AIM OF THE TASK: Only the lines from the top of the listing below through the line containing "这是坐落在衡阳高新区衡州大道" should be output, exactly and with no pictures.
(EXERCISE INPUTS Opens)
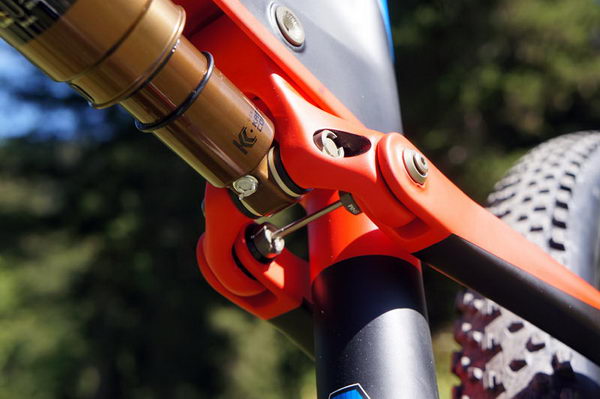 Şi linkul suspensiei este complet din carbon. Întrucât este atât de mic Orbea a spus că a fost dificil să-l realizeze din carbon. Ar fi fost mult mai uşor să-l prelucreze din aluminiu însă în felul asta s-ar fi adăugat bicicletei40-50g în plus. Apoi în timpul testelor au observat că linkul era supus unor forţe care împingeau spre exterior. Rezultatul? Linkul era compromis după doar 75-80.000 de cicluri. Soluţia a venit prin instalarea unei mici tije din oţel care ancora cele două parţi laterale ale linkului. Totul s-a rezolvat, iar această adiţie a pus doar încă 4 g suplimentare pe bicicletă. Orbea s-a gândit să folosească titan pentru această tijă însă greutatea s-ar fi redus cu doar 1 g în schimb preţul ar fi crescut considerabil.
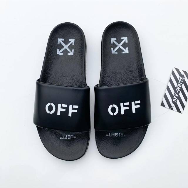 Off White Sandals Slop Pria Wanita Hitam Left Right Kasual Kekinian Santai Hype Beast Shopee Indonesia
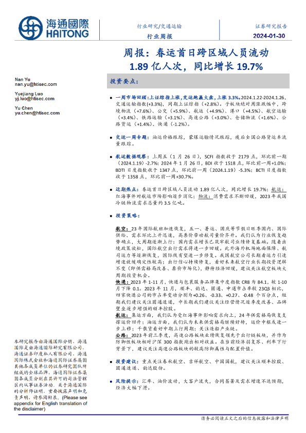 【海通国际】【20240130】交通运输行业周报:春运首日跨区域人员流动1.89亿人次,同比增长19.7%-18页
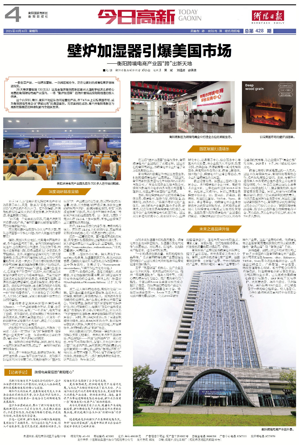 这是坐落在衡阳高新区衡州大道数字经济走廊核心商圈的衡阳跨境电商产业园内,一场“壁炉加湿器”的海外营销战役刚刚创造的惊人佳绩。▲引爆美国市场的壁炉加湿器。这个由深圳、锦州、衡阳三地团队协同运营的产品,在tiktok上引爆美国市场,成为衡阳跨境电商企业“借船出海”的典型案例。而该案例的成功,离不开衡阳高...
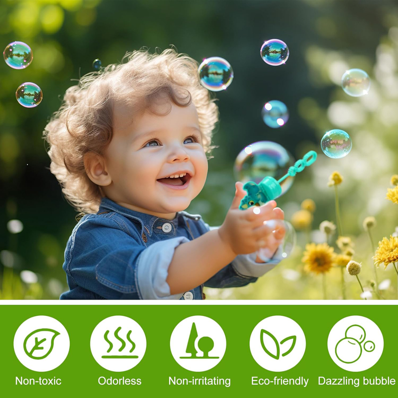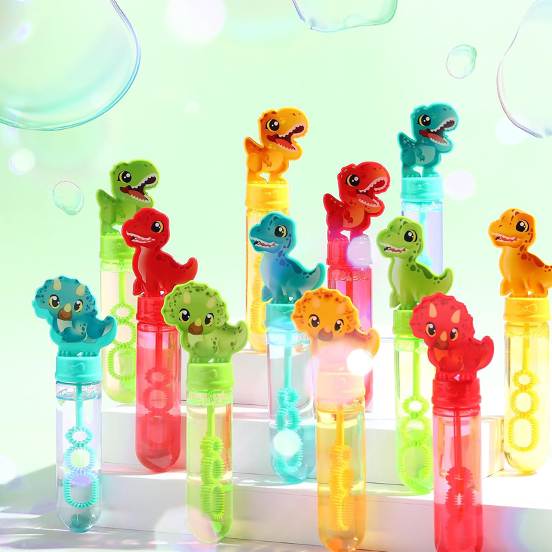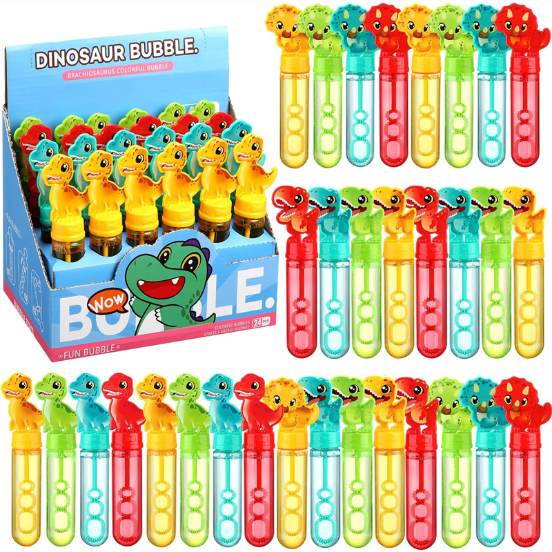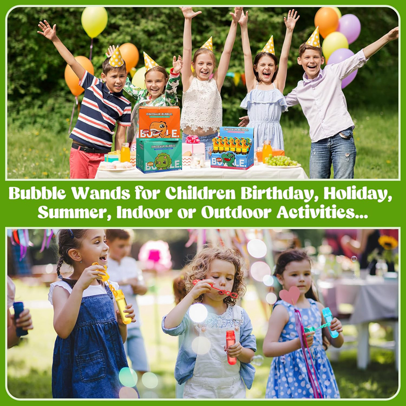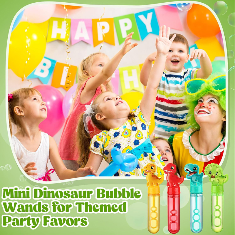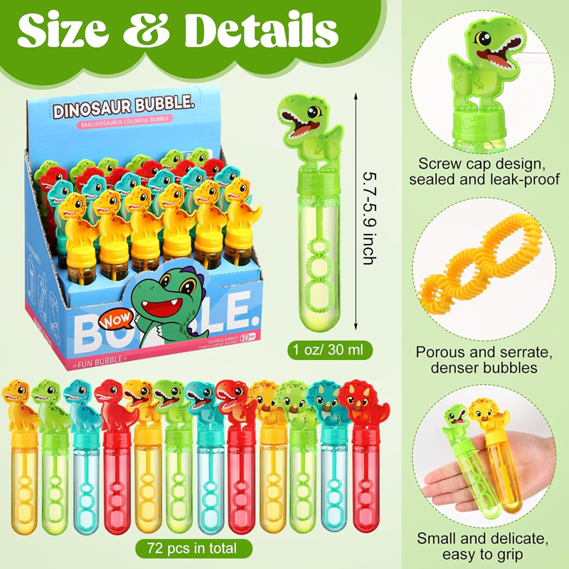 1.Dinosaur Themed Design: you will receive 72 cute dinosaur bubble wands, including 3 different dinosaur designs, each with 4 different colors ensuring that the fun never stops; These dinosaur styles not only increase children's interest in playing but also help to cultivate recognition for dinosaurs; Please rotate the lid with a threaded opening when using it, do not rotate the dinosaur's body 2.Pocket Bubble Toys: they are about 5.7-5.9 inches tall and the capacity is about 1 oz/ 30 ml, a comfortable size for kids to hold and carry; Our bubble blowing toys boast a sealing design with a rotating cover that ensures no leakage even when upside down; This smart design means less mess, more bubbles, and a worry free time 3.Quality and Safety: our bubble wands are crafted from durable, non toxic, and odorless ABS plastic; Each bubble wand is prefilled with a bubble solution made from soap concentrate with delicate bubbles that leave no marks; Avoid swallowing bubble solution and we recommended for children over 6 years 4.Versatile Bubble Makers: the 3 hole widened design makes the bubbles more dense; When you wave or gently blow air into bubble sticks, they will produce many bubbles of different sizes; These bubble wands are not just limited to kids' parties; They also make great gifts for school events, outdoor camping, weddings, prize boxes, and even gift bag stuffings; This versatility makes our bubbles party favors the ideal choice for any occasion 5.Party Favors: our dinosaur birthday party favors, dinosaur bubble wands, are a hit at any social gathering; They are good for themed birthday parties, Easter basket stuffing, classroom rewards, and holiday celebrations; Whether it's for Christmas, Halloween, or Thanksgiving, these bubble wands add a touch of fun
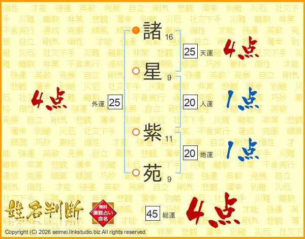 諸(16画)星(9画) 紫(11画)苑(9画)
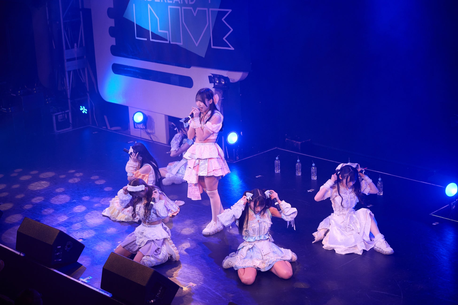 続けてステージに上がったのは、B.L.T.本誌で連載「すいすてのいちページ」をもつSWEET STEADY。彼女たちもまた2024年3月デビューのフレッシュなグループ。「ハートの魔法」、「始まりの合図」、「Sweet Cafe」といったカワイイ曲で観客をときめかせると、「Call me, Tell me」、「なんてねっ!」でさらにすいすての可愛さが全開に! 締めは、2024年12月に1stシングルCDとして発売することが先日発表されたばかりの彼女たちの代表曲であるポップでキャッチーな「ぱじゃまぱーてぃー!」。動画撮影可能曲だけあり、スマホを構えるファンも多くいた。おなじみとなった白石まゆみの「おやすみ!」のフレーズで客席のハートをとらえつつ、30分にわたるスイステのパーティーは次のグループへバトンタッチ!
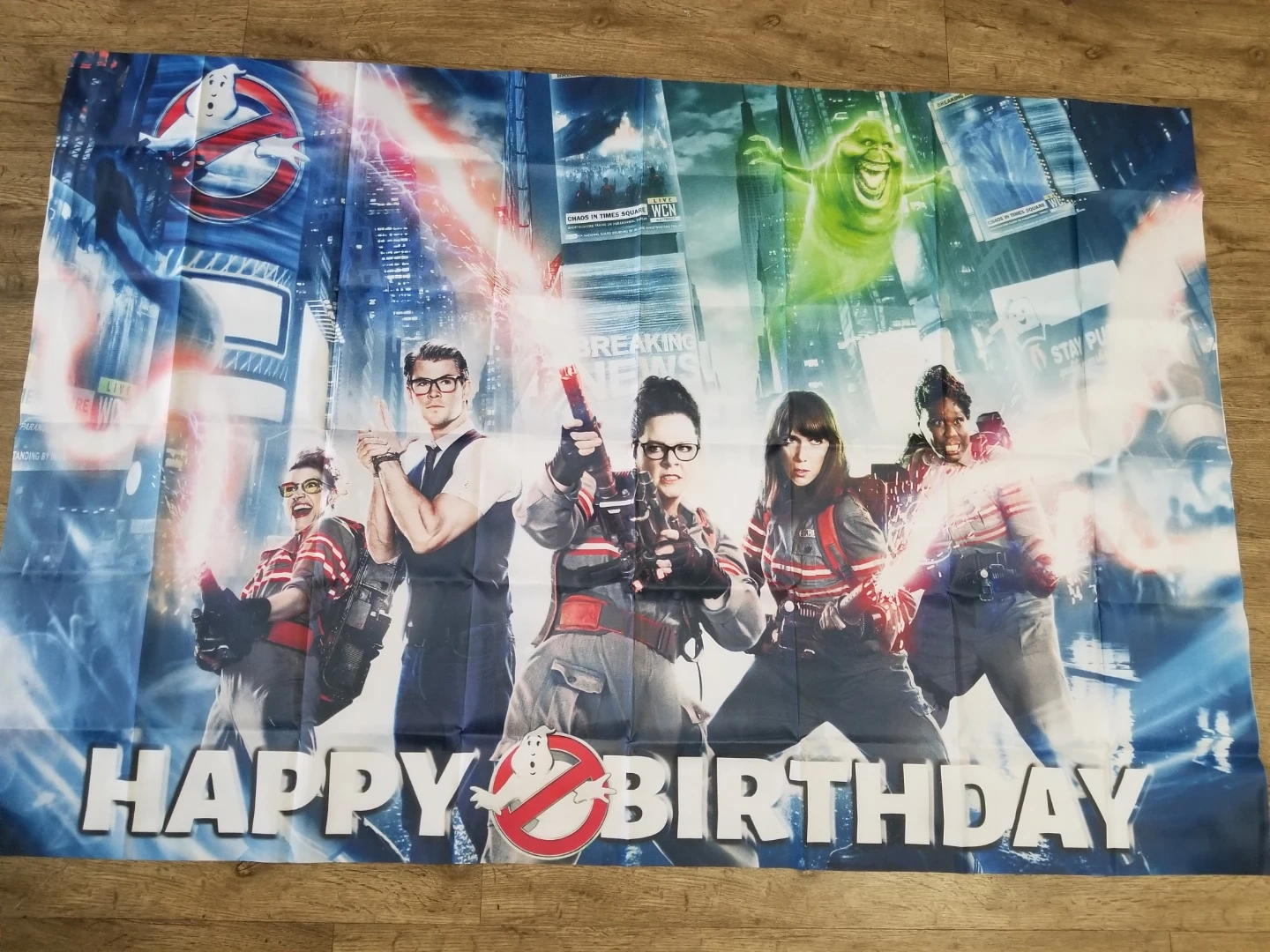240Large banner with the Ghostbusters logo and the words Happy Birthday. Features the cast of the 2016 Ghostbusters movie. Approximately 58x39
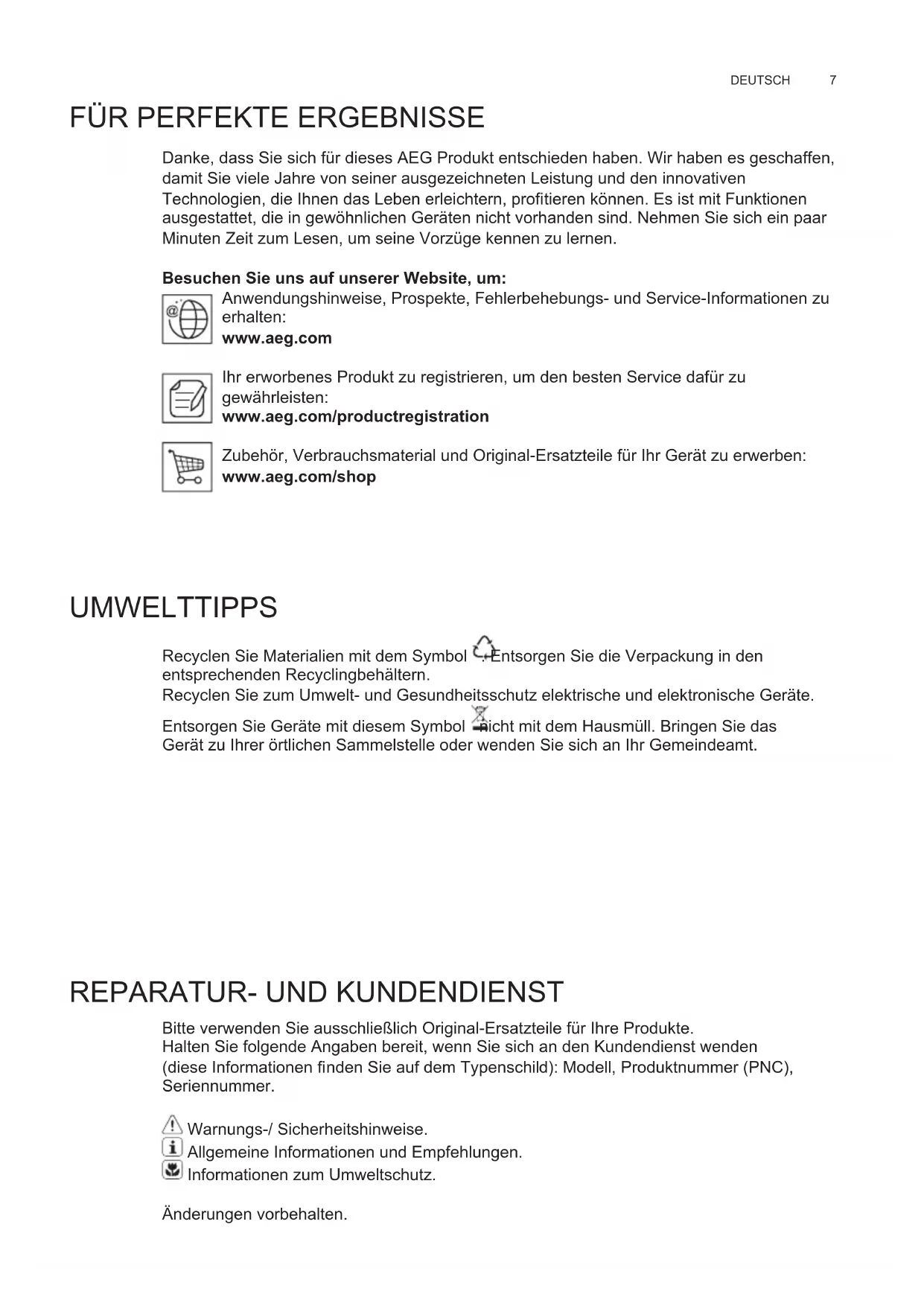Danke, dass Sie sich für dieses AEG Produkt entschieden haben. Wir haben es geschaffen, damit Sie viele Jahre von seiner ausgezeichneten Leistung und den innovativen Technologien, die Ihnen das Leben erleichtern, profi tieren können. Es ist mit Funktionen ausgestattet, die in gewöhnlichen Geräten nicht vorhanden sind. Nehmen Sie sich ein paar Minuten Zeit zum Lesen, um seine Vorzüge kennen zu lernen. Besuchen Sie uns auf unserer Website, um: Anwendungshinweise, Prospekte, Fehlerbehebungs- und Service-Informationen zu erhalten: www.aeg.com Ihr erworbenes Produkt zu registrieren, um den besten Service dafür zu gewährleisten: www.aeg.com/productregistration Zubehör, Verbrauchsmaterial und Original-Ersatzteile für Ihr Gerät zu erwerben: www.aeg.com/shop UMWELTTIPPS Recyclen Sie Materialien mit dem Symbol . Entsorgen Sie die Verpackung in den entsprechenden Recyclingbehältern. Recyclen Sie zum Umwelt- und Gesundheitsschutz elektrische und elektronische Geräte. Entsorgen Sie Geräte mit diesem Symbol nicht mit dem Hausmüll. Bringen Sie das Gerät zu Ihrer örtlichen Sammelstelle oder wenden Sie sich an Ihr Gemeindeamt.
(EXERCISE INPUTS Closes)
TASK OUTPUT:
 Şi linkul suspensiei este complet din carbon. Întrucât este atât de mic Orbea a spus că a fost dificil să-l realizeze din carbon. Ar fi fost mult mai uşor să-l prelucreze din aluminiu însă în felul asta s-ar fi adăugat bicicletei40-50g în plus. Apoi în timpul testelor au observat că linkul era supus unor forţe care împingeau spre exterior. Rezultatul? Linkul era compromis după doar 75-80.000 de cicluri. Soluţia a venit prin instalarea unei mici tije din oţel care ancora cele două parţi laterale ale linkului. Totul s-a rezolvat, iar această adiţie a pus doar încă 4 g suplimentare pe bicicletă. Orbea s-a gândit să folosească titan pentru această tijă însă greutatea s-ar fi redus cu doar 1 g în schimb preţul ar fi crescut considerabil.
 Off White Sandals Slop Pria Wanita Hitam Left Right Kasual Kekinian Santai Hype Beast Shopee Indonesia
 【海通国际】【20240130】交通运输行业周报:春运首日跨区域人员流动1.89亿人次,同比增长19.7%-18页
 这是坐落在衡阳高新区衡州大道数字经济走廊核心商圈的衡阳跨境电商产业园内,一场“壁炉加湿器”的海外营销战役刚刚创造的惊人佳绩。▲引爆美国市场的壁炉加湿器。这个由深圳、锦州、衡阳三地团队协同运营的产品,在tiktok上引爆美国市场,成为衡阳跨境电商企业“借船出海”的典型案例。而该案例的成功,离不开衡阳高...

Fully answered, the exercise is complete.